Un lamento escalofriante me despierta. Estoy empapado en sudor y tengo el corazón desbocado. Me incorporo de golpe en la cama.

Joder.

Ese quejido espantoso procedía de mí.

Respiro hondo para tranquilizarme intentando deshacerme del recuerdo del hedor a olor corporal, a whisky barato y a cigarrillos Camel rancios.

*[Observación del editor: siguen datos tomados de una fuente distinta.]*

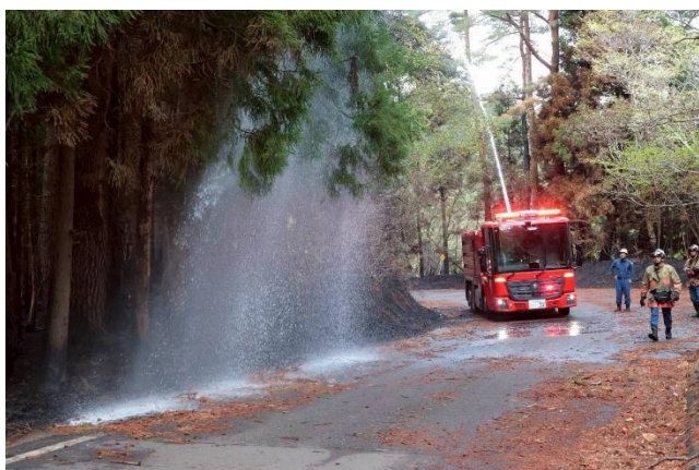
東京都大隊における水槽付き放水車の活動

4月30日 八丈町派遣隊は、指揮隊の支援として現場指揮本部での活動となり、ここでも車両の機動性を活かし、大隊長の現場巡回、前日の熊の出没情報に対する、熊よけスプレー搬送など活動は広がりました。ほか地区では自衛隊のヘリコプターによる消火活動も続いていました。東京都大隊担当地区では水槽付き放水車等の活躍により、水利が乏しい場所にも放水が行われ、延焼は終息傾向となり、午前中には放水活動は終わり、午後からはドローンによる熱源の確認活動となりました。
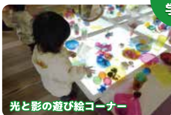
光と影の遊び絵コーナー
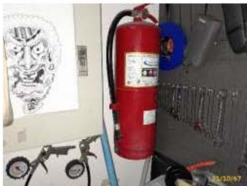
เครื่องดับเพลิงแบบมือถือ
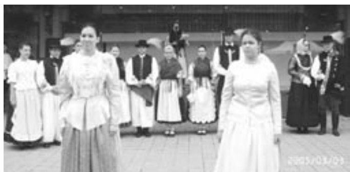
A Rokolya Varróműhely munkái a szolnoki kiállításon.

Május 19 – én délelőtt az esős idő ellenére több mint 250 kisgyermek előtt adott színvonalas koncertet a Kolompós népzenei együttes, akik főleg gyermekműsoraik kapcsán ismertek.
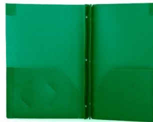
1 duo-tang en plastique avec attaches et pochettes
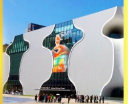
โรงละครแห่งชาติไถจง
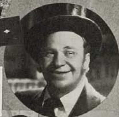
¿Se estará riendo de ello, Wallace Beery, que fué primer esposo de Gloria? Aquí lo vemos, a la derecha, en el papel de protagonista del film "The Mighty Barnum," de Artistas Unidos.
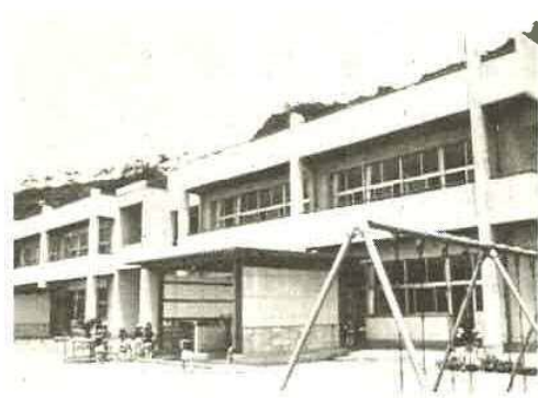
児童の安全第一の金谷小

青堀小は、工費六億七千八百八十万円、四十九年一月着工、本年二月二十八日完成された鉄筋コンクリート三階の教室棟と、特別教室を入れた鉄筋コンクリート四階建の管理棟の二棟からなり、延面積五九二四㎡の広大なもので、

«Eres un maldito hijo de puta».

Las palabras de Ana resuenan en mi cabeza.

Como las de él.

Joder.

No pude ayudar a la puta adicta al crack.

Lo intenté. Dios sabe que lo intenté.

«Aquí estás, mierdecilla».

Pero he podido ayudar a Ana.

He dejado que se fuera.

Tenía que dejarla marchar.

No necesita toda esta mierda.

Echo un vistazo al despertador; son las tres y media de la madrugada. Me dirijo a la cocina y, después de beber un gran vaso de agua, me acerco al piano.

Vuelvo a despertar sobresaltado y esta vez la luz se filtra en la habitación. Los primeros albores de la mañana inundan la estancia. Estaba soñando con Ana: me besaba, tenía la lengua en mi boca, mis dedos se hundían en su pelo; y yo apretaba contra mí su maravilloso cuerpo, con las manos atadas sobre la cabeza.

¿Dónde está?

Por un dulce instante olvido todo lo ocurrido ayer… hasta que vuelvo a revivirlo.

Se ha ido.

Joder.

La prueba de mi deseo hace presión contra el colchón, pero el recuerdo de sus ojos alegres, enturbiados por el dolor y la humillación cuando se fue, hace que desaparezca el deseo.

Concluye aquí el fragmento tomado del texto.